Iranian protesters celebrate World Cup defeat, as fears surround players’ return


Iran’s World Cup defeat to the United States was met by cheers and celebrations in Tehran and other Iranian cities on Tuesday evening, as protesters hailed the country’s exit from the tournament as a blow to the ruling regime.

The nation was eliminated from the tournament in Qatar after its 1-0 loss on Tuesday, ending a campaign overshadowed by anti-government protests that have raged for months at home.

But there are concerns about the safety of the Iranian players returning home across the Persian Gulf, after the team initially refused to sing Iran’s national anthem before their first game in an apparent show of solidarity with demonstrators. The families of the team were also threatened with imprisonment and torture in advance of the game, a source involved in the security of the games.

People in several Iranian cities celebrated from inside their homes and residential buildings moments after the final whistle, which came in the early hours of Wednesday local time, while videos posted on social media showed people honking their car horns, chanting and whistling.

People in Iran celebrated the defeat of the national team to the US.  it.  on Tuesday night.

“I’m happy, this is the government lost to the people,” one witness to celebrations in a town in the Kurdish region, which CNN is not naming for security concerns, told CNN on Wednesday.

The Norwegian-based Iranian rights group Hengaw posted several videos of similar scenes. “People in Paveh are celebrating Iran’s national team losing to America in the World Cup in Qatar, chanting ‘Down with Jash (traitors),” Hengav said in a post.

Demonstrations have rocked Iran for months, sparking a deadly clampdown by authorities. The national uprising was first sparked by the death of Mahsa (also known as Zhina) Amini, a 22-year-old Kurdish-Iranian woman, who died in mid-September after being detained by the country’s moral police. Since then, protesters across Iran have gathered around a series of complaints against the regime.

The United Nations High Commissioner for Human Rights, Volker Turk, said the country is in a “full-fledged human rights crisis” as the authorities crack down on the protests.

Football has become an increasingly heated flashpoint in recent weeks, with the World Cup throwing a global spotlight on the turmoil in the country.

And fans following the team in Qatar have become increasingly conflicted about their support. “Our team has been hijacked,” longtime fan Farshad Soheil told CNN. “It no longer represents the people of Iran.”

Soheili said Iran’s regime had managed to politicize and weaponize the team, and was critical of the players for not making a bigger statement about the protests. “It was a wasted historic opportunity,” Soheili said.

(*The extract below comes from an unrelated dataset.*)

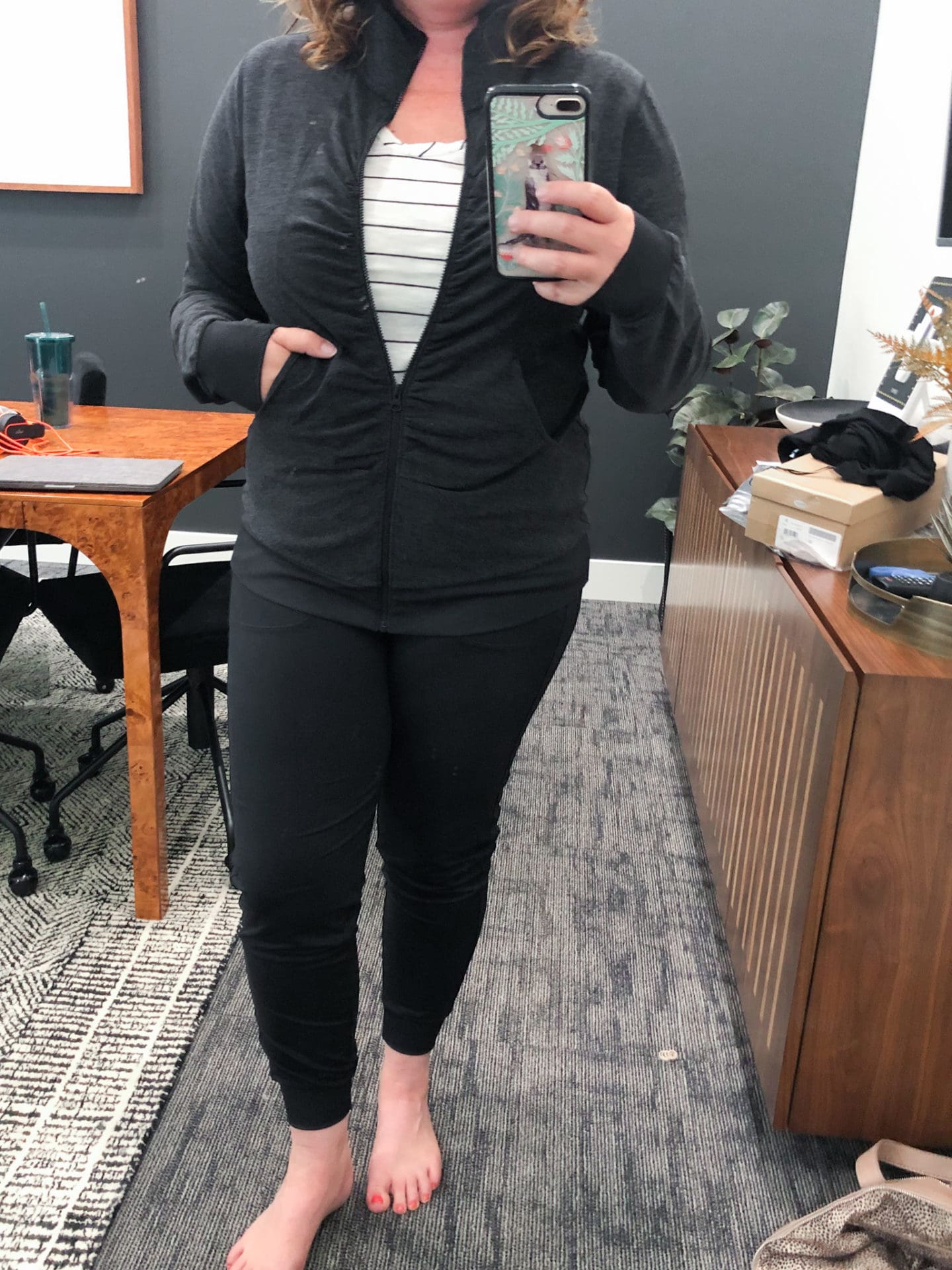 Zella Live in Joggers [TTS, wearing in M] // Zella Lola Soft Cozy Jacket [TTS, wearing in L] // Caslon Rounded V-Neck Tee Shirt [Size up if bigger chested, wearing in M]

Before Tuesday’s game, many supporters said that they did not want Iran to win. “The reason is not because of football reason, [but] For political reasons, another fan called Farshid, who withheld his last name for security reasons, told CNN in Doha.

“I have mixed emotion(s) and feeling(s),” Fershid said. “I am a passionate supporter of Iran but today unfortunately I cannot be a supporter of the national team because of the current situation and the government trying to hijack the game and sport and use it as a platform to buy credibility and to show that everything is normal (with) what is happening in Iran.

Fershid said many pro-regime supporters also attended Iran’s World Cup games in Doha and created a very tense environment for other Iranian fans by attempting to interfere with their interviews with the media.

Iran’s national side would have progressed to the second round of the World Cup with a win or draw against the US.

“I’m really sorry on behalf of our players, our group, that we couldn’t get our chance to qualify for the next round,” midfielder Said Ezatolah told reporters after the game. “I hope that our fans and our people in Iran forgive us. And I just feel sorry, that’s it.”

The team’s return will be closely watched amid fears the players could face retaliation for a perceived brief show of support for the protests, which drew international attention and praise from human rights groups.

The country’s flag and national anthem were rejected by protesters as symbols of the current regime. And after Iranian players refused to sing Iran’s national anthem in their opener against England on November 21, a source involved in the security of the games told CNN that the players were called to a meeting with members of the Iranian Revolutionary Guard Corps. (IRGC).

The source said they were told their families would face “violence and torture” if they did not sing the national anthem or if they joined any political protest against the Tehran regime.

The players sang the anthem on Tuesday, and before their second game against Wales last Friday, which saw Iran win 2-0.

Hours before the game kicked off on Tuesday, Iranian authorities said a former member of the national soccer team, Parviz Boroumand — who was arrested this month over criticism of the government — had been released on bail, according to the state news agency. IRNA.

Borrowmand was arrested in mid-November during protests in Tehran, Iranian media outlets reported. Earlier on Tuesday, Iranian-Kurdish footballer Voria Ghafouri was also released on bail.

Iranian football legend Ali Karimi, sometimes referred to as the “Asian Maradona,” meanwhile said he had received death threats from his family members after vocally supporting protests.

The government described him as one of the “main leaders” of the demonstrations, and issued a warrant for his arrest in early October, accusing him of “harmonizing with the enemy” and “encouraging riots,” according to Iran’s Supreme Council of the Judiciary. , both charges punishable by death.